One-hundred seventy-eight patients met the inclusion criteria. One-hundred eleven patients (62.4%) experienced a significant improvement of the vertigo. In 47 patients (26.4%), no information about the vertigo was available at follow-up; these patients were assumed to have no improvement (worst-case scenario). Hence, altogether 67 patients (37.6%) had a negative result. The median relief of the vertigo was 2 months. Differences in age, gender, level of treatment, or pain duration between patients with relief of the vertigo and without relief were not found. Nine patients with a whiplash injury in their medical history were also tested. They experienced a lower success rate and had longer duration of pain before the treatment; however, these differences are not statistically significant.

LIMITATIONS

It was the primary intention to treat neck pain; the assessment of vertigo was an additional aim. Therefore, the history taken and the clinical examination were not targeted specifically to vertigo. A placebo effect cannot be excluded. Further studies with the primary focus on CV are necessary to prove the significance of MBBs.

CONCLUSIONS

This is the first study to demonstrate that MBBs of the cervical spine can be a useful tool for the diagnosis of CV, because they temporarily block cervical afferents. In 63.4% of patients with neck pain and suspected CV, the vertigo was significantly improved. Further placebo-controlled studies with the primary intention on CV are necessary to prove the significance of MBBs.

KEY WORDS

Cervicogenic vertigo, medial branch block, facet joint, zygapophysial joint, neck pain, differential diagnosis.

摘要

背景

在各种眩晕病因中,所谓的颈源性眩晕(CV)最具争议。

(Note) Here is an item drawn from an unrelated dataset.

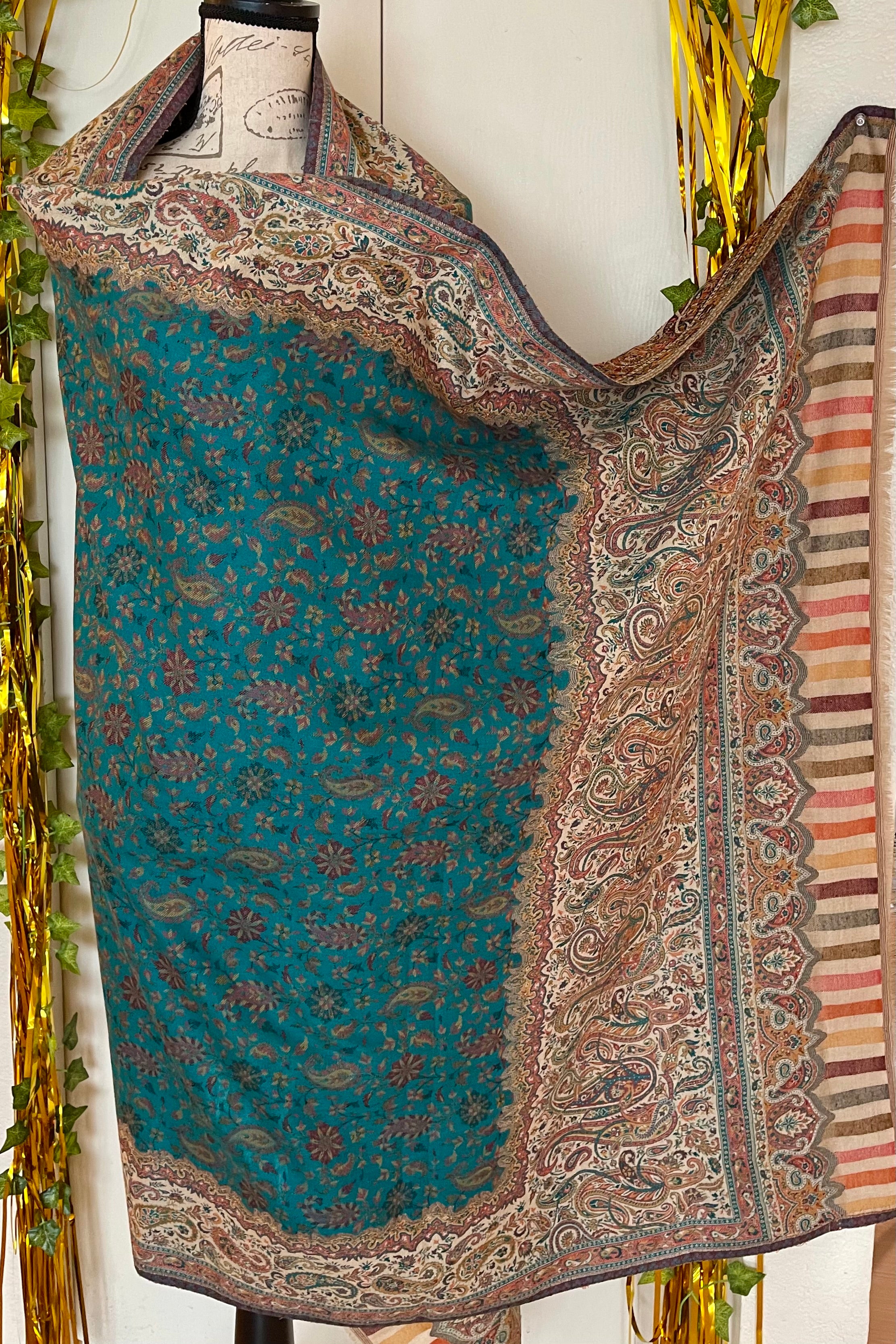 Wrap yourself in timeless tradition with this beautifully woven Kani wool shawl. Featuring a rich teal base adorned with classic paisley and floral motifs, this piece reflects the intricate artistry of Kashmiri craftsmanship. The shawl is bordered with a detailed multi-color paisley pattern and traditional stripe pallu, adding a vibrant yet sophisticated charm. Soft, warm, and lightweight, it’s a perfect accessory for both festive occasions and elegant winter styling.

然而,本体感觉信号的改变和颈椎传入神经的异常活动可引起眩晕。内侧支阻滞(MBB)是一种诊断工具,旨在测试患者的颈部疼痛是否由脊神经背支的一个或多个内侧支介导。目前尚不清楚 MBB 是否也适用于测试疼痛以外的其他症状。

目的

本研究旨在测试颈椎 MBB 是否可作为一种诊断工具,以识别 CV 患者。

研究设计

回顾性实践审核(临床观察)。

设置

介入性疼痛管理和脊柱实践。

方法

使用电子病历系统在单一脊柱中心识别患者。纳入标准为 2001 年 7 月至 2016 年 4 月期间接受颈椎 MBB 的颈痛和眩晕连续患者。使用 2 或 3 个水平的单侧或双侧约 1 毫升布比卡因(0.25%)和 20 毫克曲安奈德进行测试。使用既定技术进行透视可视化注射。通过患者的整体临床印象(即“消失”、“更好”、“相同”或“更差”)分析眩晕。

结果

178 例符合纳入标准。111 例(62.4%)患者的眩晕明显改善。47 例(26.4%)患者在随访时没有关于眩晕的信息;这些患者被假定为无改善(最糟糕的情况)。因此,共有 67 例(37.6%)患者的结果为阴性。眩晕缓解的中位数为 2 个月。在有缓解和无缓解的患者之间,年龄、性别、治疗水平或疼痛持续时间没有差异。9 例有挥鞭伤病史的患者也接受了测试。他们的成功率较低,治疗前疼痛持续时间较长;然而,这些差异没有统计学意义。

局限性

主要目的是治疗颈部疼痛;眩晕的评估是一个附加目的。因此,病史采集和临床检查并非专门针对眩晕。不能排除安慰剂效应。需要进一步的以 CV 为主要重点的研究来证明 MBB 的重要性。

结论

这是第一项表明颈椎 MBB 可作为 CV 诊断的有用工具的研究,因为它们可暂时阻断颈椎传入神经。在 63.4%的颈痛和疑似 CV 患者中,眩晕明显改善。需要进一步的以 CV 为主要重点的安慰剂对照研究来证明 MBB 的重要性。

关键词

颈源性眩晕,内侧支阻滞,关节突关节,椎间关节,颈痛,鉴别诊断。